__YOUR TASK__.
Nothing but the lines from the one containing "为提高师范学生教学技能,20" through the last line of the records below should be copied, exactly and without pictures.

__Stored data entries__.
<<<<

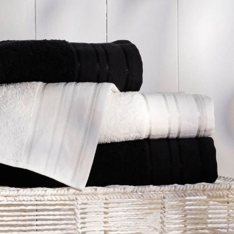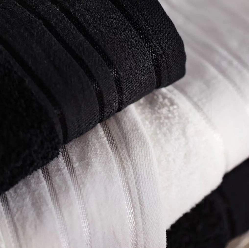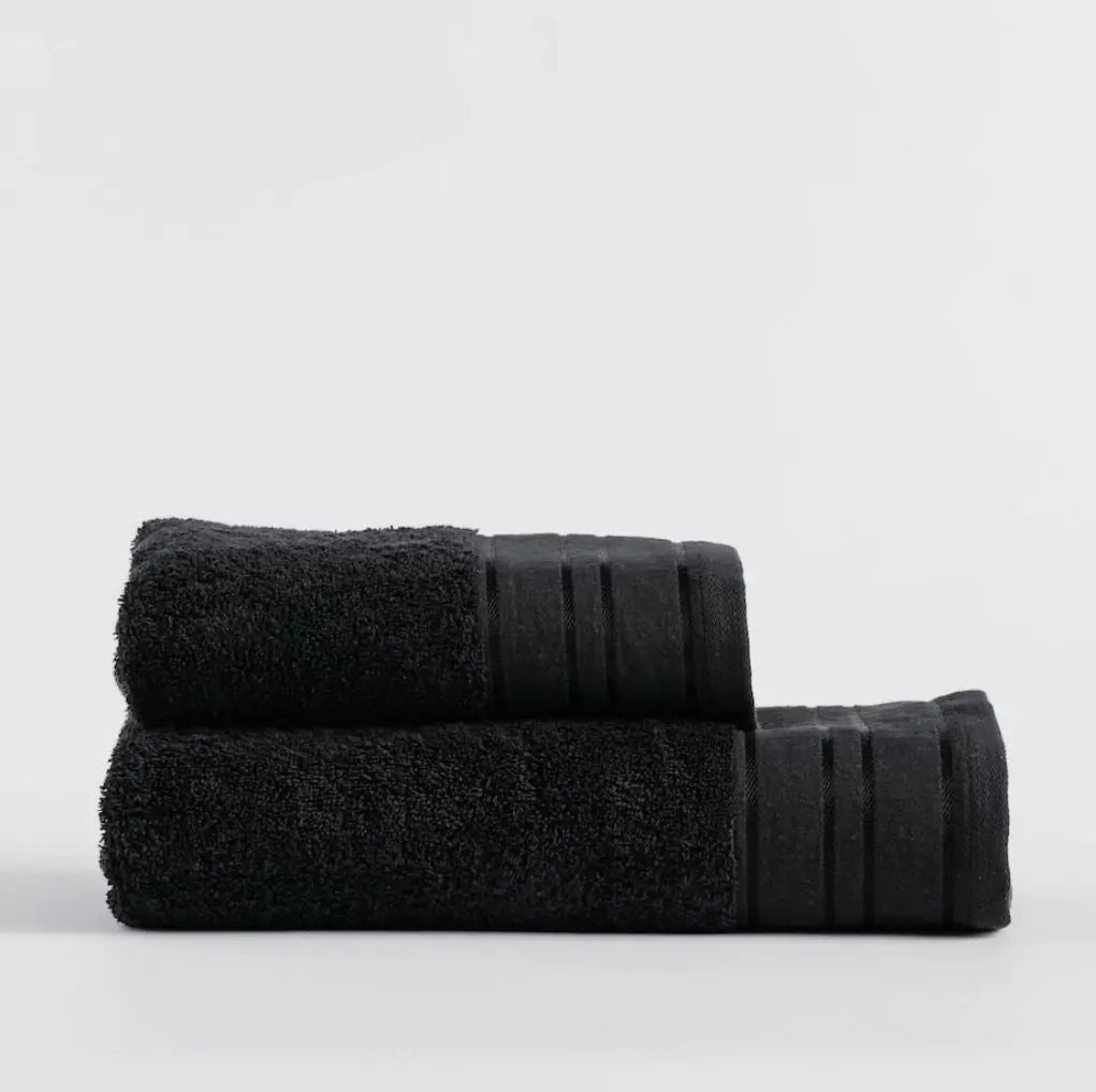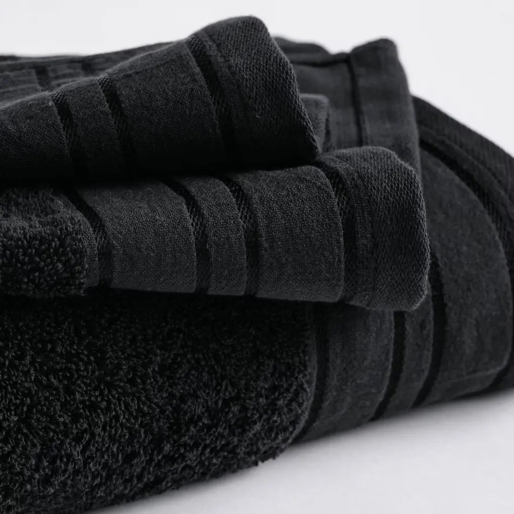 Schwarzes Handtuch. Das Produkt besteht aus Baumwolle. Es verfügt über eine hervorragende Saugfähigkeit und antibakterielle Eigenschaften. Seine feine Struktur ist sicher für empfindliche Haut und seine antibakteriellen Eigenschaften tragen dazu bei, die Haut vor der Entwicklung von Bakterien zu schützen.
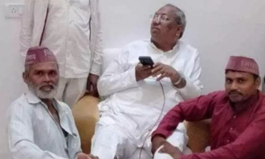 कैबिनेट मंत्री संजय निषाद का पैर दबवाते फोटो वायरल, कांग्रेस बोली- इनकी आंख का सारा पानी सूख गया
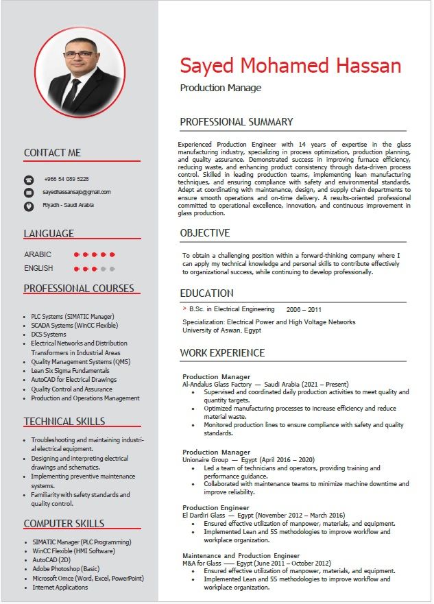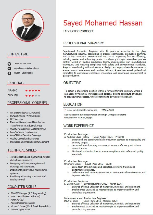 Production Manger with 14 years of experience, registered with the Saudi Council of Engineers, and I have a transferable Saudi residency. Experience in the field of glass factories I am looking for a job
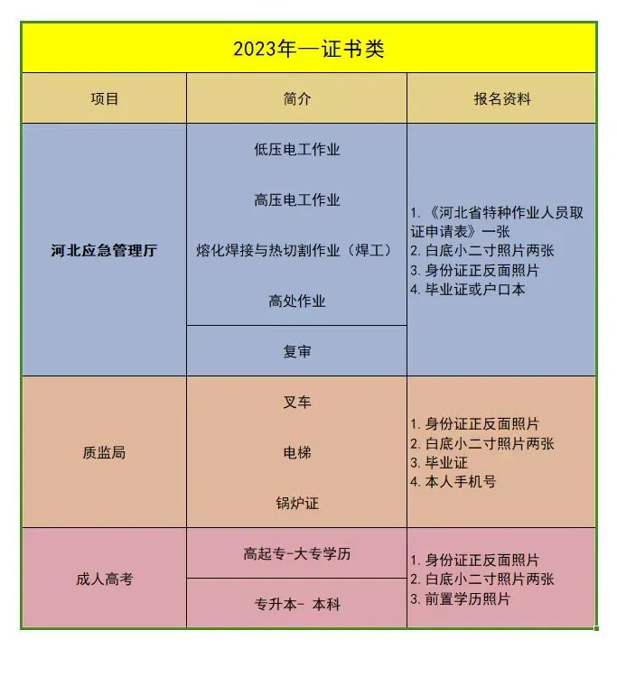 焊工、高处作业、高压电工、低压电工等,强化培训班,快速取证,现开始报名啦 ! 新一流培训开启,一次过!欢迎有意向的学员抓紧报名联系,越来越难考,抓住机会报名电话:17317087217(同微信) 0311-88212538
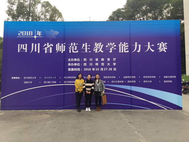 为提高师范学生教学技能,2018年10月27日,四川省师范生教学能力大赛在四川师范大学顺利举行。人文学院汉语言文学专业龚佳玉、学前教育专业陈国敏参加了本次讲课比赛。
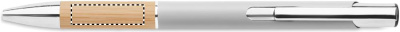 Alumiiniumist valmistatud pastapliiats, mille käepide on bambusest, Valge
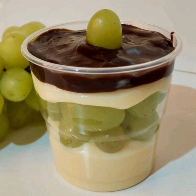 Camadas do nosso delicioso creme de Ninho, Uvas coberta com uma ganache de Chocolate e decorado com uma Uva. Copo 150 ml. Aprox. 200 gramas.
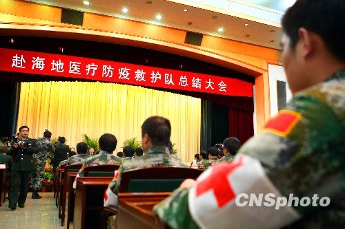 赴海地中国医疗防疫救护队2月10日上午8时完成任务回到北京,随后所属部队举行总结大会。此次医疗防疫救护累计诊治近4000人,发放药品150余种,消毒杀虫面积达5.1万平方米、房屋帐篷2200余间(顶),现场卫生知识宣传教育2100余人,发放防疫防病知识宣传材料8000余册,检测报告传染病20余例,赢得了联合国驻海地地震稳定特派团及海地人民的广泛赞誉。
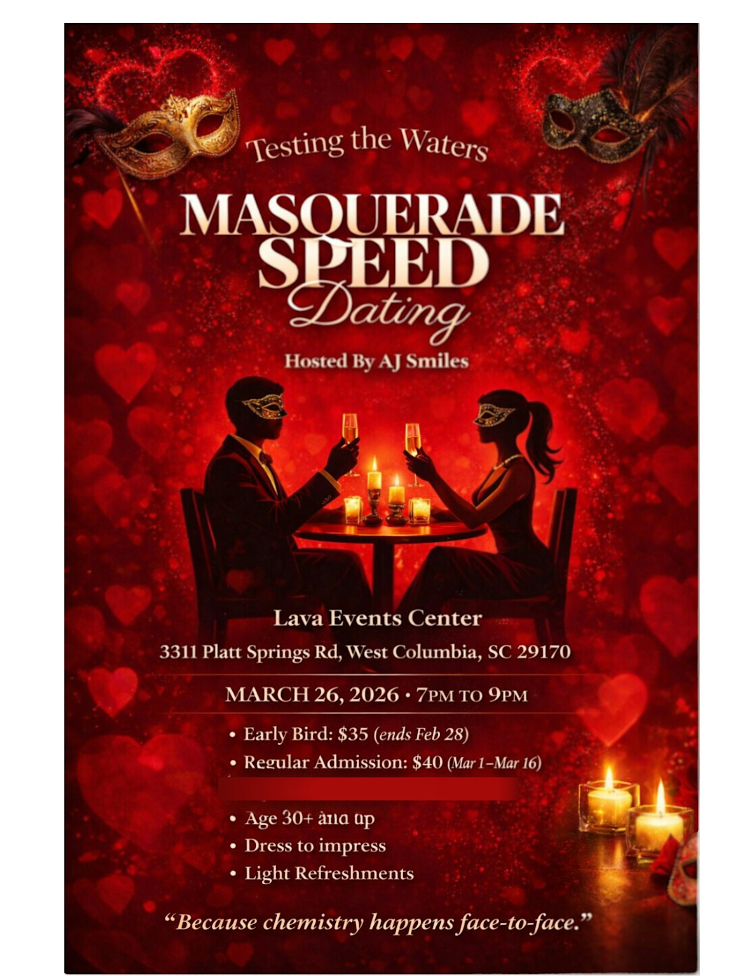 by admin13Feb Testing the Waters Masquerade Speed Dating at Lava Events Center LLC – West Columbia, SC Testing the Waters Masquerade Speed Dating at Lava Events Center LLC – West Columbia, SC 2 2 people viewed this event. Dive into fun and mystery at Testing the Waters Masquerade Speed Dating—where sparks fly behind the masks! Tickets-RSVP Link Date And Time Thursday, March 26th, 2026 11:00 PM (PST) Venue Lava Events Center LLC Location 3311 Platt Springs Road, West Columbia, SC 29170 Event Types Community & CultureParty or Social Gathering Event Category South Carolina Share With Friends Facebook Twitter Linkedin Xing Pinterest Share This Post:

>>>>

__YOUR SOLUTION__.
 为提高师范学生教学技能,2018年10月27日,四川省师范生教学能力大赛在四川师范大学顺利举行。人文学院汉语言文学专业龚佳玉、学前教育专业陈国敏参加了本次讲课比赛。
 Alumiiniumist valmistatud pastapliiats, mille käepide on bambusest, Valge
 Camadas do nosso delicioso creme de Ninho, Uvas coberta com uma ganache de Chocolate e decorado com uma Uva. Copo 150 ml. Aprox. 200 gramas.
 赴海地中国医疗防疫救护队2月10日上午8时完成任务回到北京,随后所属部队举行总结大会。此次医疗防疫救护累计诊治近4000人,发放药品150余种,消毒杀虫面积达5.1万平方米、房屋帐篷2200余间(顶),现场卫生知识宣传教育2100余人,发放防疫防病知识宣传材料8000余册,检测报告传染病20余例,赢得了联合国驻海地地震稳定特派团及海地人民的广泛赞誉。
 by admin13Feb Testing the Waters Masquerade Speed Dating at Lava Events Center LLC – West Columbia, SC Testing the Waters Masquerade Speed Dating at Lava Events Center LLC – West Columbia, SC 2 2 people viewed this event. Dive into fun and mystery at Testing the Waters Masquerade Speed Dating—where sparks fly behind the masks! Tickets-RSVP Link Date And Time Thursday, March 26th, 2026 11:00 PM (PST) Venue Lava Events Center LLC Location 3311 Platt Springs Road, West Columbia, SC 29170 Event Types Community & CultureParty or Social Gathering Event Category South Carolina Share With Friends Facebook Twitter Linkedin Xing Pinterest Share This Post:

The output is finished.